God also said to Moses, "Say this to the people of Israel: 'The LORD, the God of your fathers, the God of Abraham, the God of Isaac, and the God of Jacob, has sent me to you.' This is my name forever, and thus I am to be remembered throughout all generations. Exodus 3:15 ESV
Elohim again gives His name to Moses, but this time it is Yahweh. The two names, Yahweh and Ehyeh, are related. Yahweh is, and Ehyeh is. Ehyeh means "I exist, I will exist, I am." And Yahweh means "He exists, He will exist, He is." And both of these names are related to each other. They are both conveying the idea that Yahweh is the self-existing One.
The prophets, guided by the Holy Spirit, picked up that phrase and used it. Several Isaiah speaks about the God who has called him to minister as "I am."
Who has performed and done this, calling the generations from the beginning? I, the LORD, the first, and with the last; I am he. Isaiah 41:4 ESV
In the Hebrew original, Yahweh discloses Himself in the repeated declaration, "I am He"; it is this expression that the LXX consistently renders by ego eimi, formally 'I am.' Isaiah 43:10 is especially close to what Scholars call Johannine language:
"You are my witnesses," declares the LORD, "and my servant whom I have chosen, that you may know and believe me and understand that I am he. Before me no god was formed, nor shall there be any after me.
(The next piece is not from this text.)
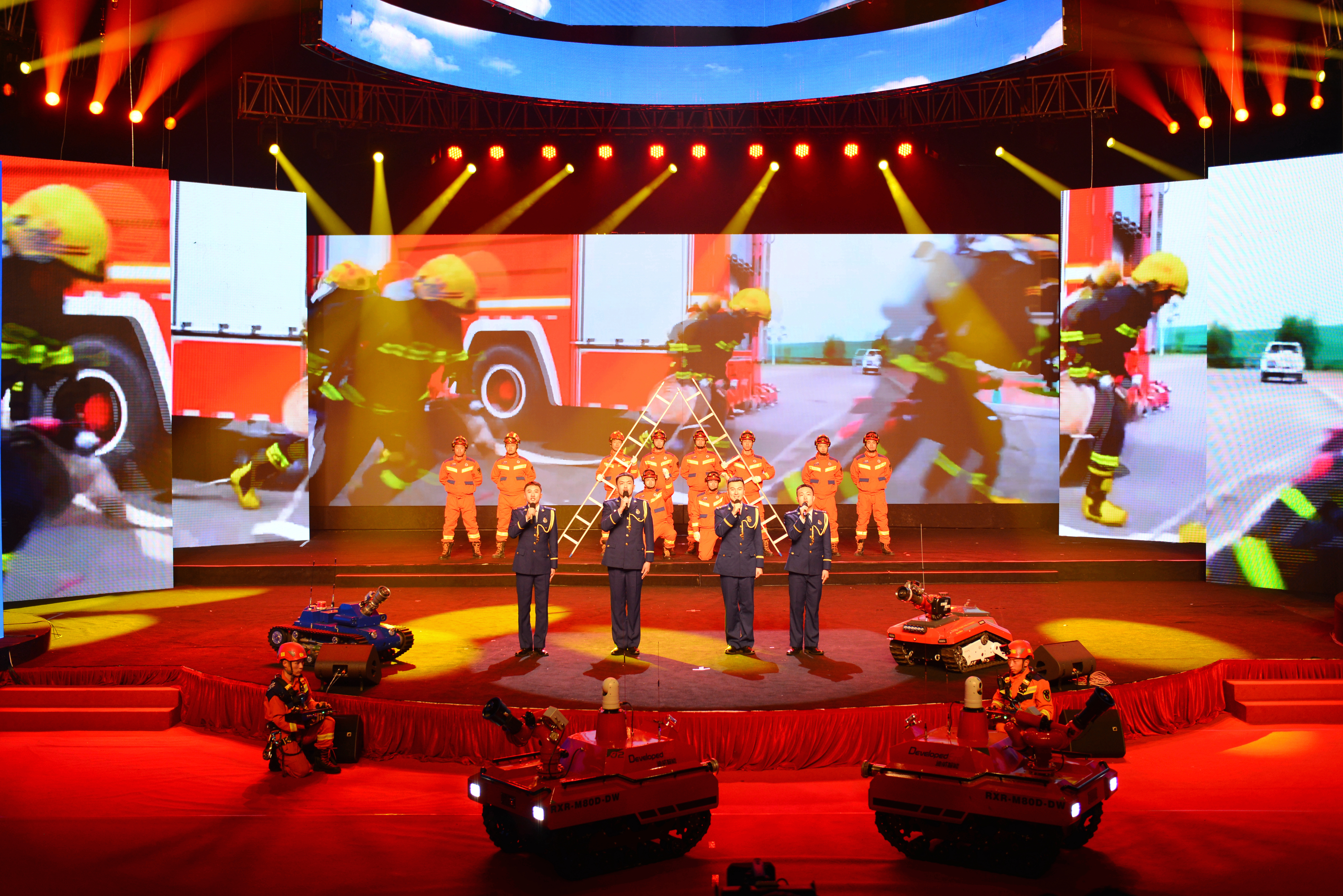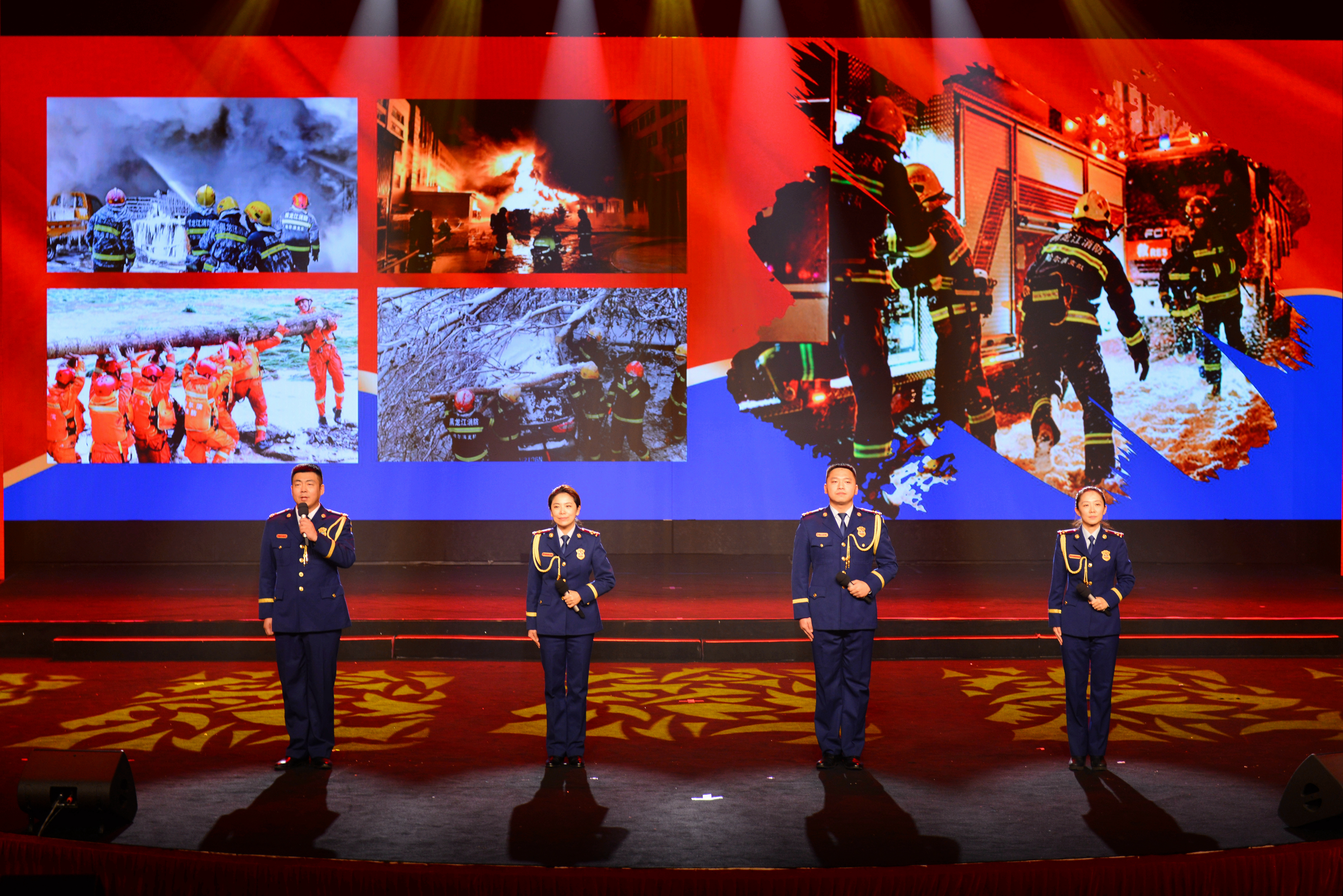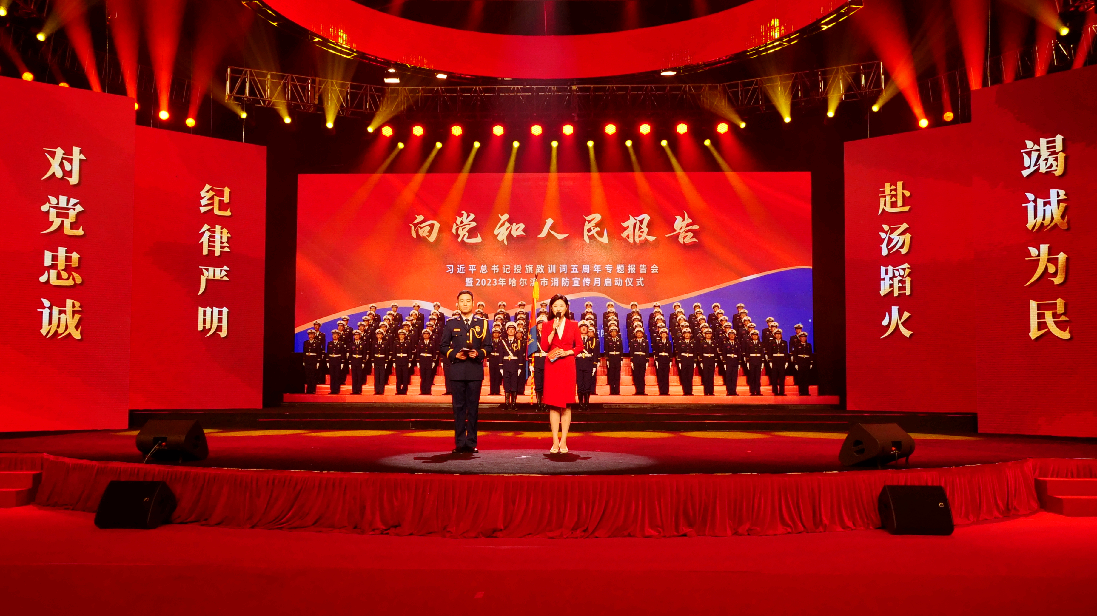 活动中,与会领导共同推起启动杆,启动2023年哈尔滨市消防宣传月开幕。启动仪式以合唱《前进吧,新时代的中国消防》、《鼓舞飞扬》拉开帷幕,歌曲雄浑刚毅,鼓点昂扬有力,体现了新时代中国消防队伍“对党忠诚,纪律严明,赴汤蹈火、竭诚为民”的训词精神。歌曲《渴望光荣》、大型舞蹈《生命之堤》、微型音乐剧《在你身边》、歌曲《逆行者》、情景讲述《无悔的坚守》等节目再现消防指战员主动肩负应对“全灾种、大应急”的使命任务,在“冰城”百姓最需要的紧急关头,救民于水火、给民以力量,24小时守护人民生命财产安全的为民情怀,展现支队消防指战员以党的二十大精神为根本遵循和行动指南,深入贯彻落实习近平总书记重要训词精神,身在最北方,心系党中央,努力打造出一支与国家战略、龙江站位、冰城发展相匹配的综合性消防救援队伍。

Isaiah 43:10 ESV
The Greek Old Testament contains this purpose clause, "In order that you know and believe and understand that I AM [ego eim]." It is the combination of the verb "believe" and the use of I AM [ego eimi] in Isaiah 43:10 that causes scholars to believe that it was on Yeshua's mind at this point.
The last part of Isaiah 43:10 seems to be based on Exodus 3:14. The unique (and here important) part of Isaiah 43 comes in verse 11 where the speaker says":
I, I am the LORD, and besides me there is no savior. Isaiah 43:11 ESV
Here we see there is no savior besides Yahweh. And yet Yeshua says, "Unless you believe that I am, you will die in your sins." What is Yeshua saying? He is saying, "I am Yahweh, there is not savior besides me.
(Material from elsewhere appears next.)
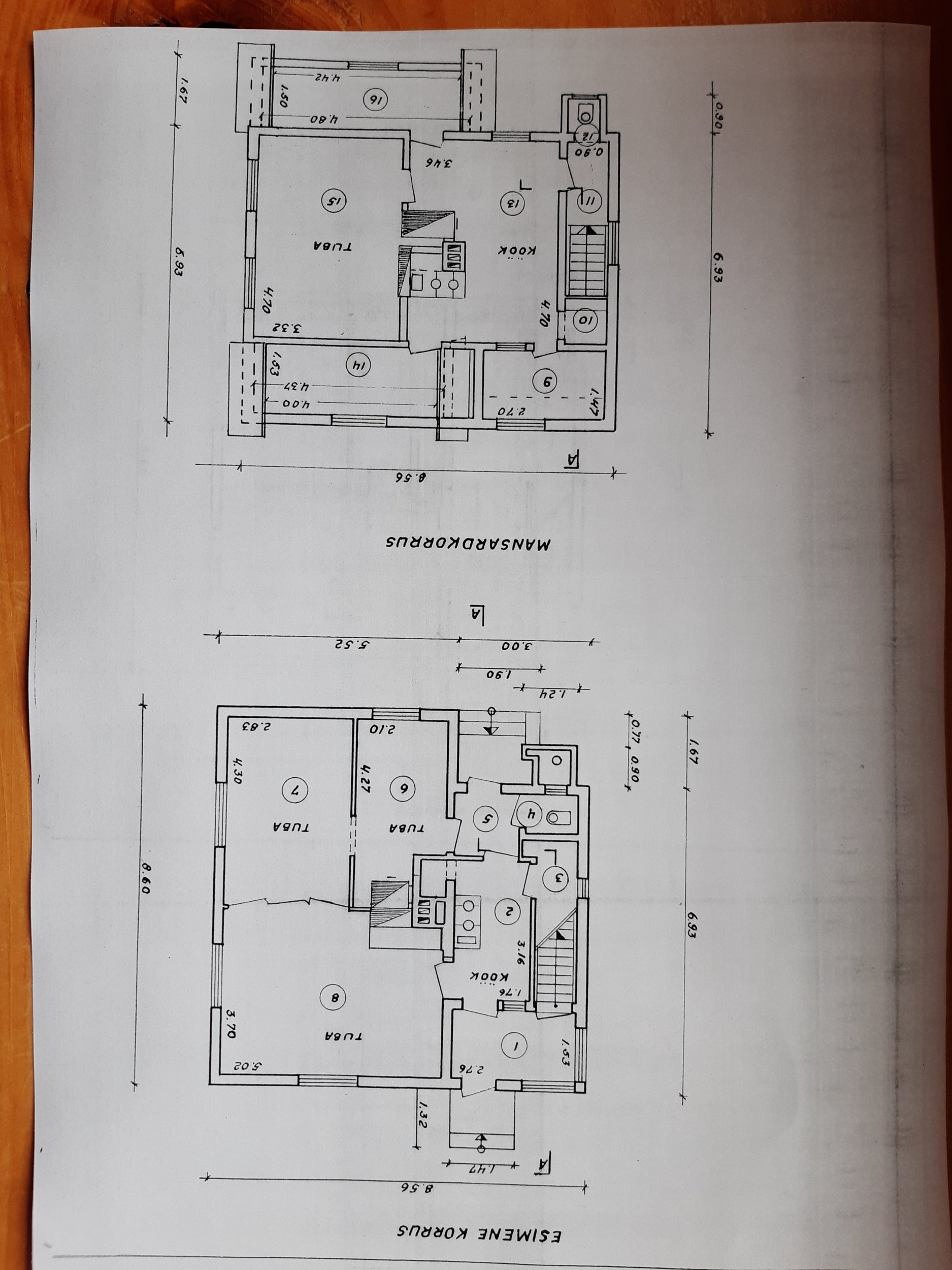 Fotodel lisatud maja plaanid, mille põhjal saab pakkuja hinnata töö mahtu ruutmeetrites (maja mõõdud).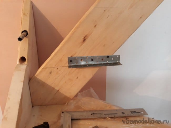 Сделал разметку по установке первой ступени. По разметке установил уголки, согнутые из пластин.

I declared and saved and proclaimed, when there was no strange god among you; and you are my witnesses," declares the LORD, "and I am God. Isaiah 43:12 ESV
The point of Isaiah 43:10-12 is that I AM is a God of salvation. This appears to be Yeshua's point in verse 24. As long as the Jews refused to come to faith in I AM (the one who saves His people), they will die in their sins.
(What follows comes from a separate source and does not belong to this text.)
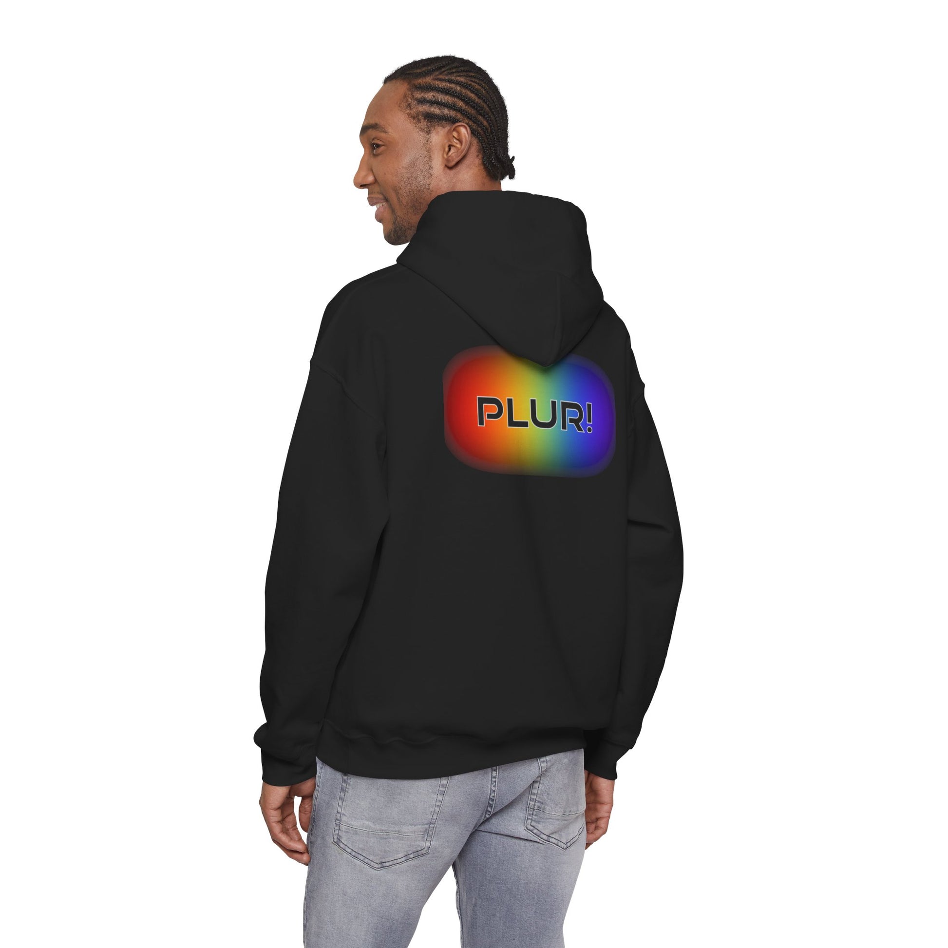 Wrap yourself in color and community with this cozy hoodie. The soft, medium-heavy cotton/poly blend feels warm without weighing you down. A bold, rainbow-backprint reads “PLUR!”—a bright, joyful call to peace, love, unity, and respect—set against the hoodie’s deep black canvas so the colors pop in low light. The roomy kangaroo pocket and adjustable drawstring hood make it an easy layer for late-night sets, post-show hangs, or slow mornings. Subtle construction details—double-lined hood, color-matched drawcord, and tubular knit with no side seams—keep the silhouette clean and durable. Choose embroidery placements on chest or wrists to add a tactile accent, or stick with the vivid DTF backprint for full-spectrum flair.

In Isaiah, the contexts demand that "I am He" means "I am the same," "I am forever the same," and even "I am Yahweh," with a direct allusion to Exodus 3:14. For others to apply this title to themselves was blasphemous and an invitation to face the wrath of God.
Now therefore hear this, you lover of pleasures, who sit securely, who say in your heart, "I am, and there is no one besides me; I shall not sit as a widow or know the loss of children": Isaiah 47:8 ESV
Verse 11 tells us what happens to the one who claims to be "I am."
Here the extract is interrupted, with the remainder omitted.